ON MOTION FOR CLARIFICATION
Appellant’s Motion for Clarification is hereby granted. We withdraw our opinion *89of June 12, 1992 and substitute the following:
Richard R. Houswerth timely appeals from a final order of dismissal in a replevin action.
Houswerth was previously married to Vicki Yates Neimiec. The parties were divorced by final order of dissolution which incorporated a property settlement agreement. In 1988, Houswerth, while he was in prison, filed a replevin action for his property covered by the settlement agreement. The trial court dismissed the complaint for failure to prosecute. This court affirmed the dismissal.1
In 1991, while still in prison, Houswerth filed a new replevin action. Neimiec filed a motion to dismiss alleging that the complaint failed to state a cause of action, failed to allege when the cause of action accrued, and was res judicata. In his reply, Houswerth admitted that the cause of action arose in October 1984. Appellee then filed a motion for judgment on the pleadings stating that the statute of limitations had run in the case. The trial court, sua sponte, entered a final order of dismissal with prejudice holding that Hous-werth’s claim was barred by the doctrine of res judicata because of the prior dismissal.

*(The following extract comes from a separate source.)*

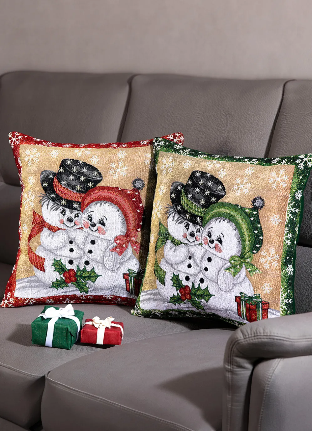 Mit Schal, Zylinder und Mütze perfekt ausstaffiert, erfreuen sich Schneemann und Schneefrau auf diesem 2er-Set Kissenbezügen an den tanzenden Schneeflocken um sie herum. Mit praktischem Reißverschluss. Die Qualität: Gobelin aus 65% Baumwolle, 35% Polyester. Maße: 40×40 cm.

Houswerth asserts that the trial court erred in dismissing with prejudice his re-plevin action on the basis of res judicata when the prior action was dismissed without prejudice for lack of prosecution. We agree.
Res judicata operates as an adjudication on the merits, barring a subsequent action on the same claim. McKibbin v. Fujarek, 385 So.2d 724 (Fla. 4th DCA 1980); Drady v. Hillsborough County Aviation Authority, 193 So.2d 201 (Fla. 2nd DCA 1966), cert. denied, 210 So.2d 223 (Fla.1968). However, a dismissal for failure to prosecute is not a ruling on the merits and therefore cannot be the basis of a subsequent res judicata argument. See Hamilton v. Millnul Associates., 443 So.2d 485 (Fla. 2d DCA 1984); Zukor v. Hill, 84 So.2d 554 (Fla.1956). In the instant case res judicata was not appropriate. Hous-werth’s initial case was dismissed without prejudice for failure to prosecute. This court has previously held in a case in which appellant was a party, that a dismissal for want of prosecution does not prevent appellant from filing suit again if all other legal requirements are met. See Houswerth v. Sheriff's Department, 567 So.2d 476 (Fla. 5th DCA 1990). But this does not end our inquiry.
Neimiec urges that even if the trial court erred in dismissing the case on res judicata grounds, the statute of limitations has run and appellant has no valid cause of action. Here the record reflects that the statute of limitations was not tolled by the first action and it has now run. Hamilton v. Largo Paint & Decorating, Inc., 335 So.2d 623 (Fla. 2nd DCA 1976) (where an action is dismissed for lack of prosecution, the time during which it was pending does not toll the statute of limitations and cannot be deducted from the total elapsed time in computing such statute); Barrentine v. Vulcan Materials Co., 216 So.2d 59 (Fla. 1st DCA 1968).
Although the trial court’s stated reason is in error, his dismissal, based upon this record, is correct and we affirm under the Tipsy Coachman Rule. See Taylor v. Orlando Clinic, 555 So.2d 876 (Fla. 5th DCA 1989), rev. denied, 567 So.2d 435 (Fla.1990).
AFFIRMED.
GOSHORN, C.J., and COBB, J., concur.